## Task instructions
Could you set down exactly the lines in the records below between the line holding "हरदोई न्यूज़: स्वच्छता" and the line holding "Tác giả cũng", inclusive?

## Records supplied

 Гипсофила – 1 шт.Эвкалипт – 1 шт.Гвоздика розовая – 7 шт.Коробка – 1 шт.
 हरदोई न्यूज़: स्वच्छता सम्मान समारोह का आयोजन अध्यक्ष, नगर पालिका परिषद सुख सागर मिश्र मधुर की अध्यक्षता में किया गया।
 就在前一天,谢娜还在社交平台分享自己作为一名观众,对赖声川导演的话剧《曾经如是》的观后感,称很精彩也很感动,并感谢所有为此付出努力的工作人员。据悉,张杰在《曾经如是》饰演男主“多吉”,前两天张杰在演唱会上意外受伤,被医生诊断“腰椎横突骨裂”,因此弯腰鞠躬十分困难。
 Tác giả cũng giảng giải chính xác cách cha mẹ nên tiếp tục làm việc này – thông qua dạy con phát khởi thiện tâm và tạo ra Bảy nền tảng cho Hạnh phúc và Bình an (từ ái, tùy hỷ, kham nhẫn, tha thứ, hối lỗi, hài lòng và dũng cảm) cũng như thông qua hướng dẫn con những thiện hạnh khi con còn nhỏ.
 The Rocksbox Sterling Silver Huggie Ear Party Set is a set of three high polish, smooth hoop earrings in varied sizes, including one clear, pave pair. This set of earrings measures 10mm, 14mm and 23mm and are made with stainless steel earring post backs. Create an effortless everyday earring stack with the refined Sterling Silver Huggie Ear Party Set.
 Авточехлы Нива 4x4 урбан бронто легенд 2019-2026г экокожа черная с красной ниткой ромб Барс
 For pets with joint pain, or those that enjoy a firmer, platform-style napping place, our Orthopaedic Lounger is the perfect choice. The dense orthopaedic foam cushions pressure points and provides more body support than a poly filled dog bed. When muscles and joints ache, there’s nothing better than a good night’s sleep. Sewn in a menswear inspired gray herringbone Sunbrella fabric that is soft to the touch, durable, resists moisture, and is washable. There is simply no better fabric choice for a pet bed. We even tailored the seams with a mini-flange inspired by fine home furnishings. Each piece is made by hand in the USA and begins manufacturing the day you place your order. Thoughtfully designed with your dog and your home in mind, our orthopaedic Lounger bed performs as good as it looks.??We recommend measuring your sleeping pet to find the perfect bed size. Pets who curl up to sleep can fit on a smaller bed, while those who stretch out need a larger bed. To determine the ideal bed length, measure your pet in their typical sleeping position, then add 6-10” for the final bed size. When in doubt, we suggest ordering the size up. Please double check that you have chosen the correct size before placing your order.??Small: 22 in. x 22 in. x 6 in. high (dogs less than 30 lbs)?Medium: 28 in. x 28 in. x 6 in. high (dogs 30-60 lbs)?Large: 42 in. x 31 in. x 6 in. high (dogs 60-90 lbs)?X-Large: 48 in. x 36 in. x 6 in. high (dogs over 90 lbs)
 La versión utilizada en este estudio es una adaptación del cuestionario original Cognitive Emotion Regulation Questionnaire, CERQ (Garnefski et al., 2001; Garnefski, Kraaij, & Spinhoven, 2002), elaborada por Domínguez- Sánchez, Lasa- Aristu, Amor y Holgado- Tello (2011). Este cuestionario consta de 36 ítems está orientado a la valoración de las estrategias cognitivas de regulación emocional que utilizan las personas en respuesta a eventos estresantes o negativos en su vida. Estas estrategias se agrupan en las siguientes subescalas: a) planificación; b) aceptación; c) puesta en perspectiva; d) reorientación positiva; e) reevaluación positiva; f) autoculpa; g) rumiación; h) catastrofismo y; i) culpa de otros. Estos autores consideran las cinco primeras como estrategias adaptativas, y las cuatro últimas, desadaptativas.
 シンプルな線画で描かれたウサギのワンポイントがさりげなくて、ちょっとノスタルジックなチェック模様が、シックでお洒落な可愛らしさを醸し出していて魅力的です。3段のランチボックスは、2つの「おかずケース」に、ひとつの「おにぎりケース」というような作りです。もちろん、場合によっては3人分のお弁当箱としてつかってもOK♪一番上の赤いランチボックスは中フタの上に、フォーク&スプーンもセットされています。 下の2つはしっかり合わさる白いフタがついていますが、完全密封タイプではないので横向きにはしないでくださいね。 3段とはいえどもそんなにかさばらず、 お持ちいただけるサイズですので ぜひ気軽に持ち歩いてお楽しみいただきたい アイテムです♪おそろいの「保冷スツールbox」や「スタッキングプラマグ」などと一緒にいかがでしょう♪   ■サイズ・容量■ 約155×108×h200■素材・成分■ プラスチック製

## Solution to this problem
 हरदोई न्यूज़: स्वच्छता सम्मान समारोह का आयोजन अध्यक्ष, नगर पालिका परिषद सुख सागर मिश्र मधुर की अध्यक्षता में किया गया।
 就在前一天,谢娜还在社交平台分享自己作为一名观众,对赖声川导演的话剧《曾经如是》的观后感,称很精彩也很感动,并感谢所有为此付出努力的工作人员。据悉,张杰在《曾经如是》饰演男主“多吉”,前两天张杰在演唱会上意外受伤,被医生诊断“腰椎横突骨裂”,因此弯腰鞠躬十分困难。
 Tác giả cũng giảng giải chính xác cách cha mẹ nên tiếp tục làm việc này – thông qua dạy con phát khởi thiện tâm và tạo ra Bảy nền tảng cho Hạnh phúc và Bình an (từ ái, tùy hỷ, kham nhẫn, tha thứ, hối lỗi, hài lòng và dũng cảm) cũng như thông qua hướng dẫn con những thiện hạnh khi con còn nhỏ.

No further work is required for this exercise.